Academic journal article Renascence: Essays on Values in Literature

"His Trees Stood Rising above Him": Philosophical Thomism in Flannery O'connor

Academic journal article Renascence: Essays on Values in Literature

"His Trees Stood Rising above Him": Philosophical Thomism in Flannery O'connor

Article excerpt

What is first precipitated in the mind's conception is being. A thing is knowable because existence is pointed to. Therefore being is the proper object of mind.  --Thomas Aquinas, ST, la, q. 5, a. 2  Human Reason lost its grasp of Being.  --Jacques Maritain on the Cartesian Revolution in Philosophy  I feel I can personally guarantee that St. Thomas loved God because for the life of me I cannot help loving St. Thomas.  --Flannery O'Connor in a letter to "A," 9 August 1955 

DESPITE its intrinsic importance, Flannery O'Connor's Thomism is not a topic that receives much attention. (1) Nor is its existence much taken for granted or subsumed in the many exegetical discussions of her fiction. On what would seem to be an important, indeed central, topic, a remarkable silence obtains. There are at least four reasons why this should be so. First, literary studies and advanced literary training do not include Thomism in the curriculum. And while there is a sense in which literary criticism is of necessity implicitly Thomist (it begins with the senses, i.e., the text), literary theory is implicitly Cartesian (beginning not with the text but with ideas) and therefore not pre-disposed to cultivate so foreign, not to say retrograde, a field. Moreover, those whose training has been only in theory are often handicapped by a tendentious and skewed view of the history of philosophy. Second, O'Connor's Thomism is so pervasive, so deftly assimilated into the action and idiom of her work, as to be nearly invisible to many of her readers. Third, and following from the first two, there thus seems little incentive to pursue her myriad references to, and habitual praise of, Aquinas. The stories seem complete, or complete enough, without them. And fourth, many of her readers simply identify, and dismiss, Thomism as Catholicism, a category mistake. Ars longa, vita brevis. And yet, she was insistent, and she was a person who knew her own mind.
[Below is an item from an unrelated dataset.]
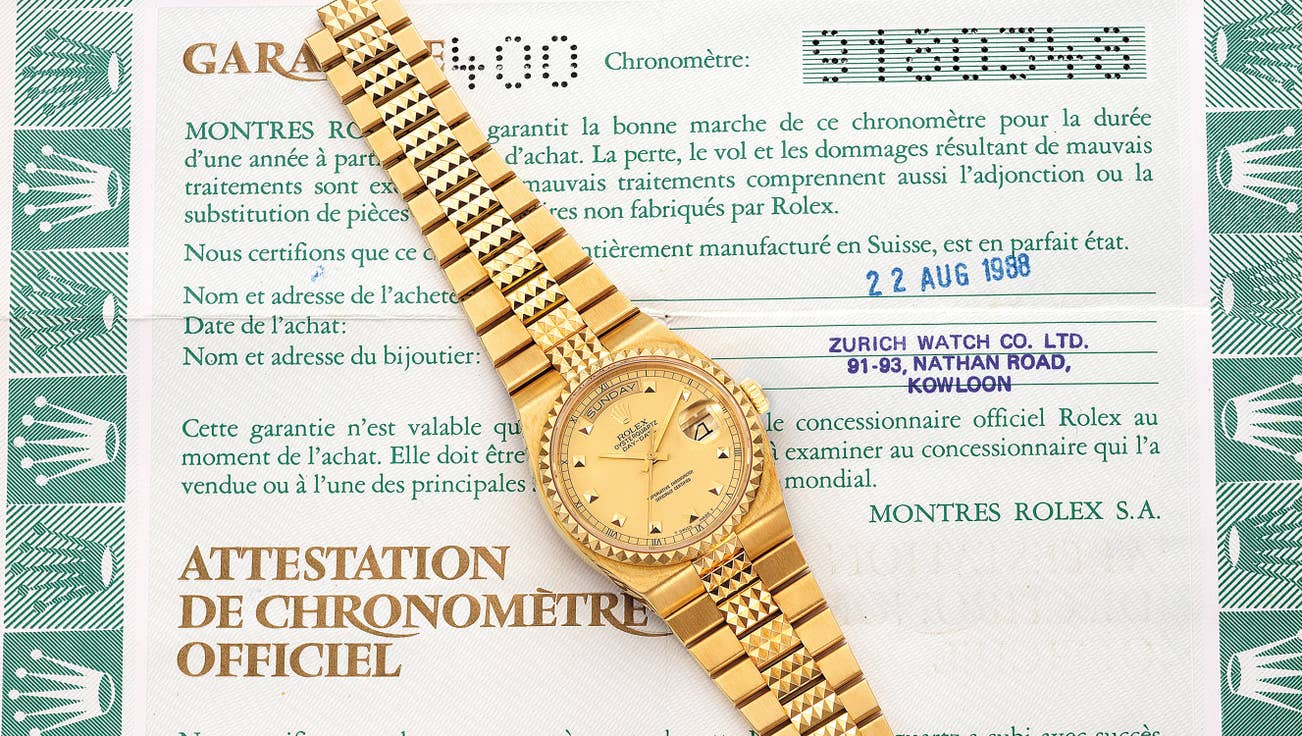 For a number of reasons, this particular OysterQuartz is a particularly outstanding watch. First of all, the present example features a “Pyramide” bezel and bracelet which are very rare and highly sought after. Secondly, the watch is preserved in impeccable condition. Likely unpolished, the case is sharp and well-defined. The luminous materials on the hour markers and hands are also immaculately intact. Last but not least, the watch is accompanied by the original punched Rolex guarantee dated August 22, 1988, adding another element of collectability.

If we did happen to be looking for the Thomism in O'Connor's work, what is it we would be seeing? Consider a passage like the following. It is tucked into Chapter Nine of The Violent Bear It Away and it is what we could call an ordinary example of O'Connor Thomism:

Once out of sight of the boy, he felt a pressure had been lifted from the atmosphere. He eliminated the oppressive presence from his thoughts and retained only those aspects of it that could be abstracted, clean, into the future person he envisioned.  (Collected Works 441) 

The he is Rayber, the boy is Tarwater, and the time is five days after Tarwater's arrival at Rayber's door with the announcement that Old Tarwater, their relative, is dead. He, Tarwater, "had done the needful" and burnt the old man's house and body, defying the old man's charge to give him a Christian burial. Rayber's initial response had been something like elation. Here was a boy he could now raise "according to his own ideas," in contrast to his own son, Bishop, who is mentally deficient and therefore "useless." But Tarwater stubbornly refuses Rayber's overtures, insisting that he will not become "a piece of information in [Rayber's] head." It is this refusal to be co-opted that is the source of the pressure. Notice how O'Connor gives it a certain tactile force in the awkward phrasing "oppressive presence," so manifestly in tension with "his thoughts," thoughts specified as "abstracted." Once he has reached that level of abstraction, freed from the weight of actuality, Rayber can see the future boy he envisions. Both the diction and the mental action indicate that these sentences stand as a critique, from a Thomist perspective, of Rayber's Cartesian epistemology. Since he subordinates being to thinking, and metaphysics to epistemology, what thinking he has in mind is only itself, not its putative, actual, object. (2) This is the way Rayber's mind works, and that working is the focus of O'Connor's Thomistic critique.